In the figure the red points are cell lines cultured from to SCLC, in yellow from NSCLC and in blue from Glioma.

As you can see there is a “separation” of samples along the first component, highlighting the difference between SCLC and the other two subtypes (13.2% of the total explained variance). On the second component, approximately 7% of the variance is explained. Along the y-axis, when we project points onto it, we observe a clear separation between the two lung subtypes and Glioma.

R implementation with prcomp

library(stats)
library(dplyr)
library(ggplot2)

# Import
df_original = read.csv('~/Downloads/CCLE_expression.csv',  row.names = 1)
annot = read.csv('~/Downloads/sample_info.csv')
annot = subset(annot, lineage_subtype!='')

# Keep only annotated cell lines
annot = subset(annot, DepMap_ID %in% rownames(df_original))
types = sort(table(annot$lineage_subtype), decreasing = T) %>%  head(3)

df = df_original[subset(annot, lineage_subtype%in% names(types))$DepMap_ID,]

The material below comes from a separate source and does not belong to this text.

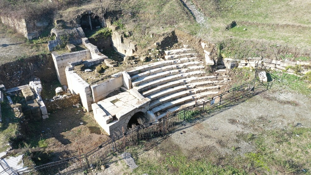DÜZCE(İHA) – (Özel) Düzce ili sınırları içinde bulunan ve tespit edilen tarihi M.Ö. 3. yüzyıla kadar uzayan Konuralp Prusias ad Hypium antik kenti kalıntıların gün yüzüne çıkartılması için çalışmalar başladı. Tarihi kalıntıların kazı çalışmaları ile ilgili bilgiler veren Düzce Belediye Başkanı Dr. Faruk Özlü, Türkiye'de ilk kez arkeologlar ve gönüllüler ile birlikte bir kazı çalışması yapacağını belirterek "Burası Batı Karadeniz'in Efes'i olacak" dedi.
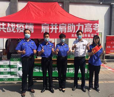 淄博高青店組織員工奔赴高青一中西門口為莘莘學子愛心送水,為考生們鼓勁加油,為在烈日下焦灼等待的家長送一份清涼!

# remove genes with zero variance (or standard deviation). 
# Otherwise prcomp raises an error.
sd = apply(df, 2, sd)
df = df[,sd>0]

# Scale e performe PCA at the same time
pca = prcomp(df, scale=T, center=T)
pca_summary = summary(pca)$importance
pca_plot = as.data.frame(pca$x[,c("PC1", "PC2", "PC3")])
pca_plot$lineage_subtype = annot$lineage_subtype[match(rownames(pca_plot), annot$DepMap_ID)]

explained_1 = pca_summary['Proportion of Variance','PC1']
explained_2 = pca_summary['Proportion of Variance','PC2']

# Plot
# I reverse the sign of PC1 and PC2 because it was opposite to python implementation 
# (but principal components are invariant to sign inversion)
ggplot(pca_plot, aes( x = -PC1, y =-PC2, color = lineage_subtype))+
  geom_point(size=2)+
  xlab(paste0('First principal component  \n',round(explained_1*100,2),'% explained variance' ))+
  ylab(paste0('Second principal component  \n',round(explained_2*100,2),'% explained variance' ))+
  scale_color_manual(values = c('NSCLC' ='#EDAE49', 'glioma'= '#00798C', 'SCLC'='#D1495B'))+
  theme_classic()

R visualization

References

  • An Introduction to Statistical Learning - James G., Witten D., Trevor H. Tibshirani R.
  • ritvikmath videos about PCA help the understanding.